Exercise instructions:
If a line below falls between the line with "今回はカスタムセンスをもつ選手が5選手、計7選手がセレクトスキルもちです。" and the line with "沃浩雕刻工艺品实木风水招财红木葫芦摆件MDWH-188", or is one of those two, output it exactly; output nothing else and no pictures.

═════ Provided records

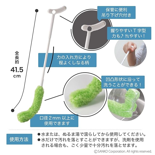 商品名:サンコー ブラシ ペットボトル洗い ピカピカ細口ボトル洗い グリーン びっくりフレッシュ 日本製 全長42cm BO-31
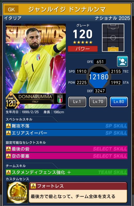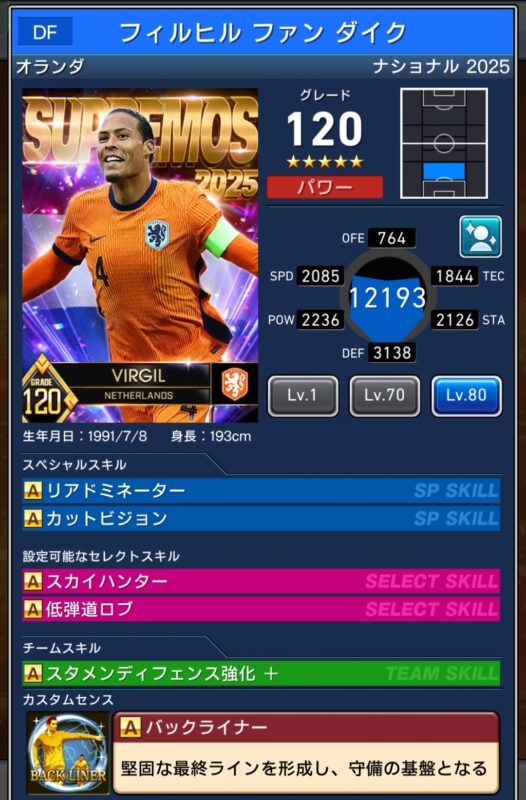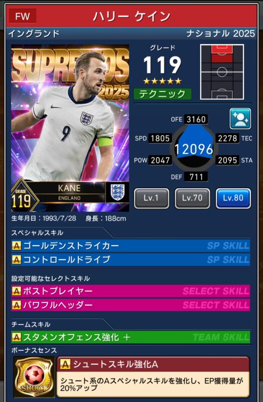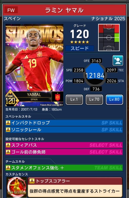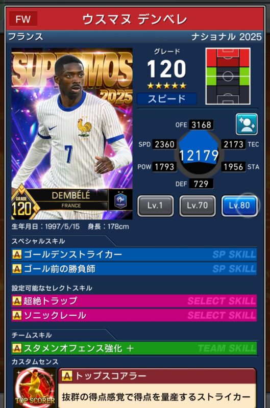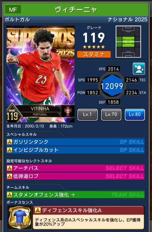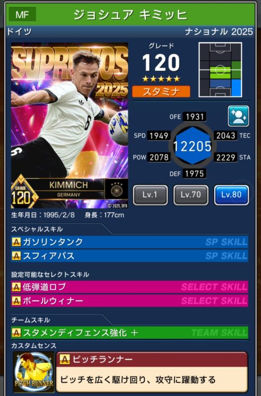 今回はカスタムセンスをもつ選手が5選手、計7選手がセレクトスキルもちです。
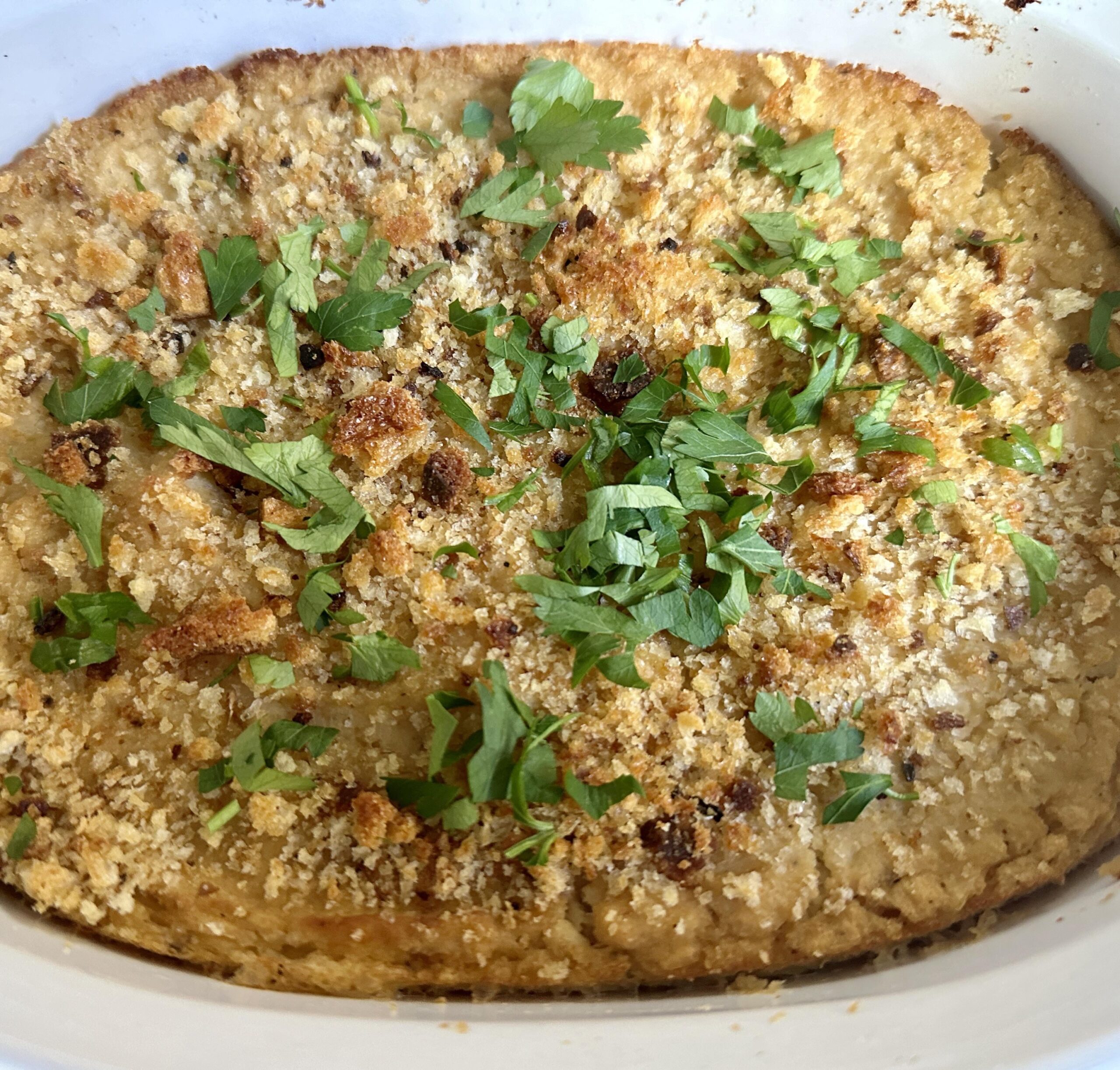 Whip it up then into a baking dish. Top with coarse bread crumbs and bake for 20 or so minutes at 350 or until browned.
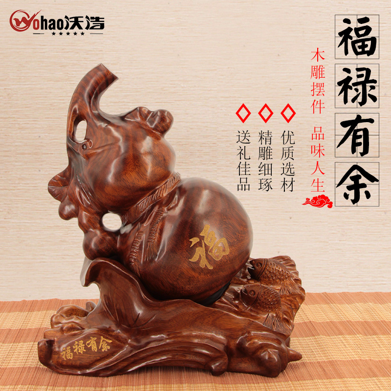 沃浩雕刻工艺品实木风水招财红木葫芦摆件MDWH-188
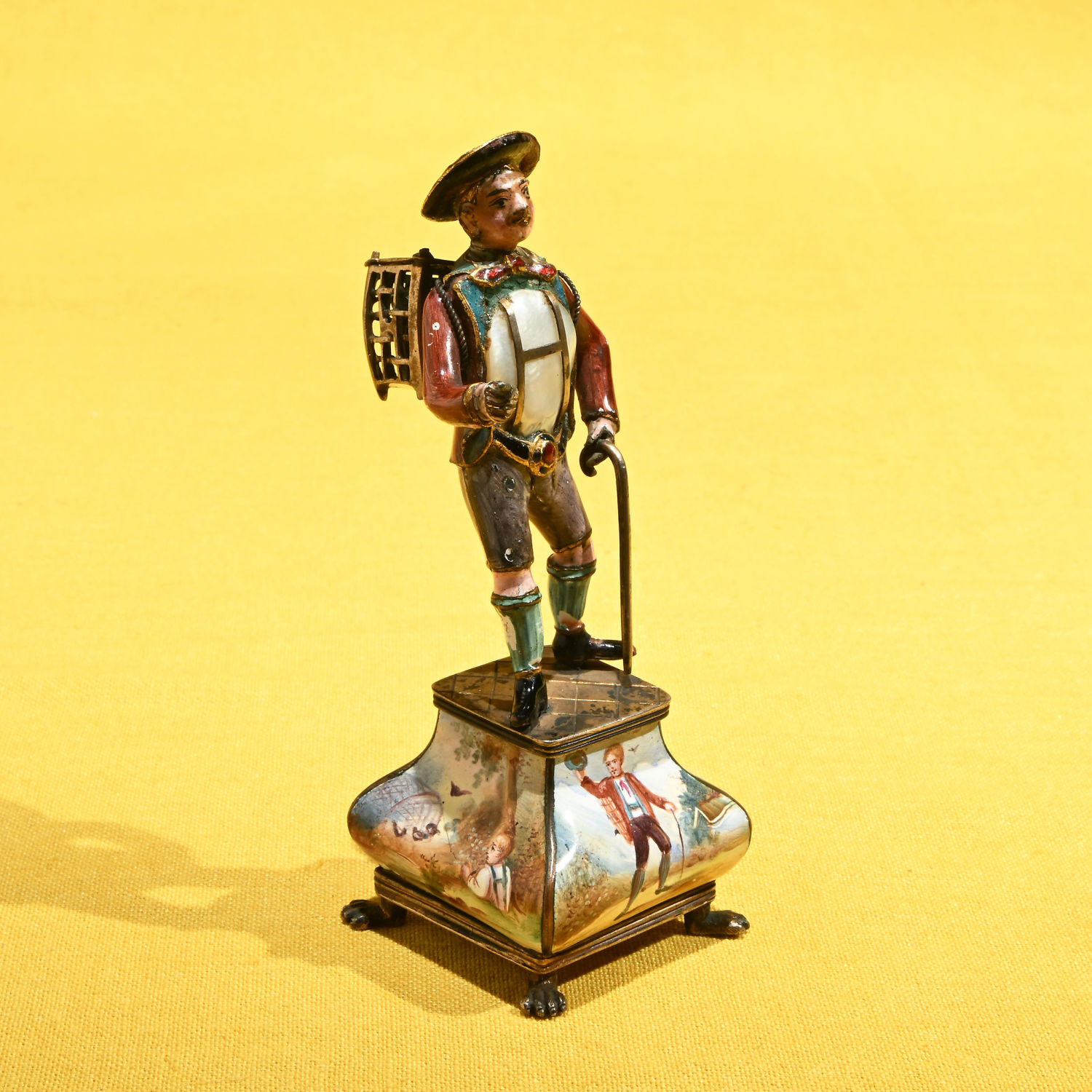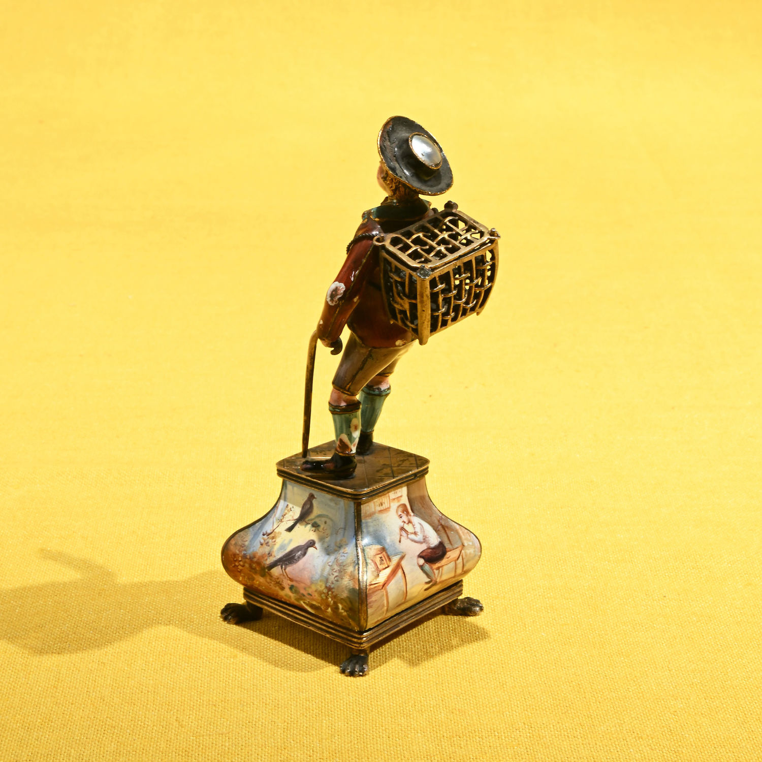 Posta su un basamento decorato con scene con uccelli, l’uomo è rappresentato come un venditore di uccelli. Dimensioni complessive 11x4x4,5 cm.

══════════

Task output:
 今回はカスタムセンスをもつ選手が5選手、計7選手がセレクトスキルもちです。
 Whip it up then into a baking dish. Top with coarse bread crumbs and bake for 20 or so minutes at 350 or until browned.
 沃浩雕刻工艺品实木风水招财红木葫芦摆件MDWH-188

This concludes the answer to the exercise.